[06:53:54] <isaranto>	 good morning!
[06:54:42] <ozge_>	 Good morning
[07:00:59] <elukey>	 kalimera!
[07:01:19] <elukey>	 isaranto: do you have more info about why outlink got to zero pods yesterday?
[07:04:09] <elukey>	 btw I rechecked helmfile diff for all ml-services and nothing seccomp related is pending
[07:04:45] <isaranto>	 no I didn't have the chance to dig into it. I was just going afk so I was focused on just fixing it.  I saw that there was a revision but no pod.

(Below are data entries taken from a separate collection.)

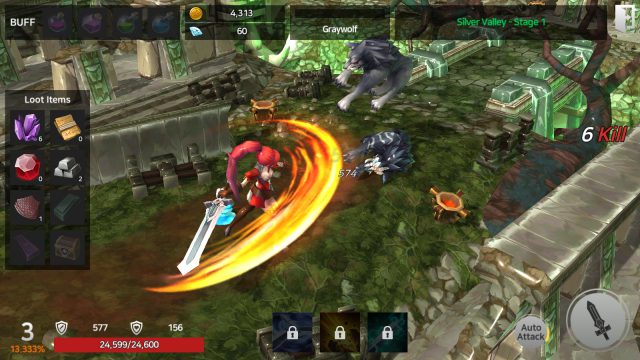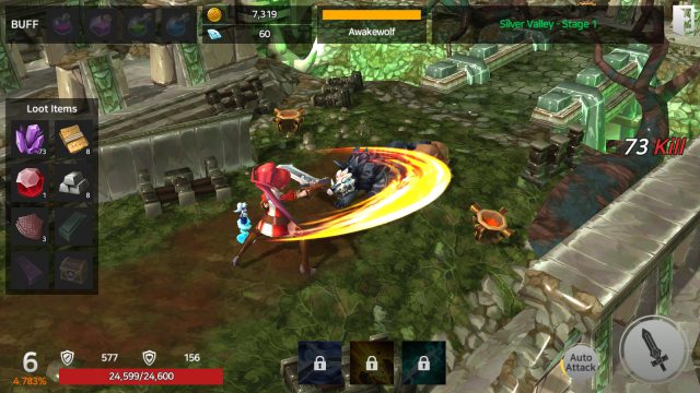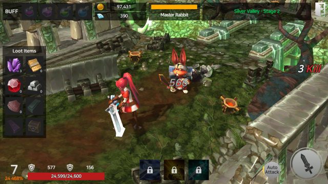 ง่ายๆ ก็คือ เมื่อคนเล่นได้มีการต่อสู้กับศัตรูแล้วก็ตีวนซํ้าๆ แบบนั้นไปเรื่อยๆ เป็นการฟาร์มเลเวลไปในตัว ซึ่งตัวละครจะยืนอยู่กับที่แล้วศัตรูก็จะเดินมาให้ตีทีละตัว และในการโจมตีแบบออโต้นั้นจะเป็นการโจมตีปกติเพียงๆ สกิลต้องกดเอง
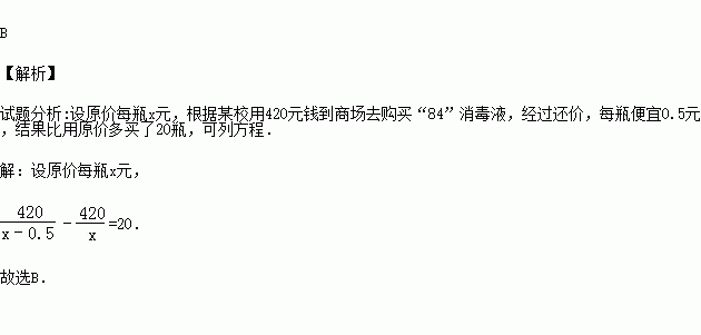 某校用420元钱到商场去购买“84”消毒液,经过还价,每瓶便宜0.5元,结果比用原价多买了20瓶,求原价每瓶多少元?设原价每瓶x元,则可列出方程为( )
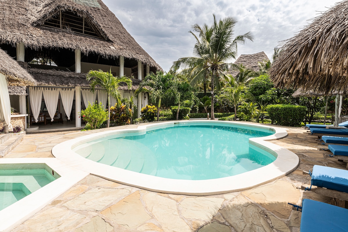 CHEF, HOUSEKEEPER, AND CLEANING SERVICE INCLUDED Exclusive villa with dedicated staff, surrounded by greenery just 400 meters from the Kenyan sea and coral reef. Spread over two floors, it features a swimming pool with a sun deck, loungers, and a gazebo for outdoor dining. 3 spacious bedrooms king-size, mosquito nets, private bathrooms, fans, and wardrobes. Fully equipped kitchen, parking, and self-sufficiency in water, electricity, and gas. Warm, professional staff ensure an unforgettable stay.
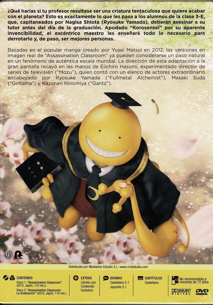 ASSASSINATION CLASSROOM:The Japanese Government gives the students of class 3-E an important mission: they must eliminate their new tutor, a powerful tentacled creature that plans to destroy the planet on graduation day. To help them in their mission, Professor Korosensei himself will teach them everything necessary to put an end to him before the cruel murderers who arrive in the classroom do so.
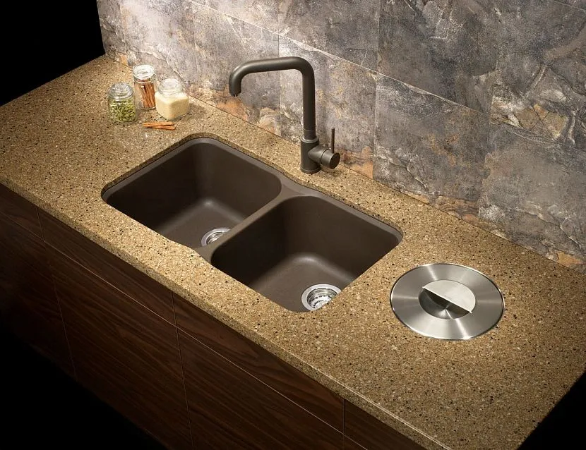 Двойная раковина на кухне занимает заметную часть пространства, поэтому хочется оформить ее эстетично, в гармонии с мебелью, декоративным оформлением комнаты. Хорошее впечатление производят изделия, сделанные из композитов, в состав которых входит крошка натурального гранита, керамогранита, мрамора или кварца. Природное сырье связано в единое целое полимерными компонентами, для придания окраски к массе добавлены пигменты.

[07:04:54] <isaranto>	 I don't recall anything about the deployment though
[07:15:15] <elukey>	 very weird, maybe it was something autoscaling-related
[07:15:31] <elukey>	 anyway, we should be good now
[07:19:18] <isaranto>	 sorry should have kept some logs. At first sight I didn't see anything though, it seemed weird so I guess it required more digging
[07:22:12] <elukey>	 nono it was just a curiosity, it is totally my bad to have missed the seccomp rollout in outlink
[07:22:53] <elukey>	 I'll add a note to double check all namespaces in the procedure that we'll follow for eqiad
[07:24:43] <isaranto>	 no worries at all, thanks for all the work!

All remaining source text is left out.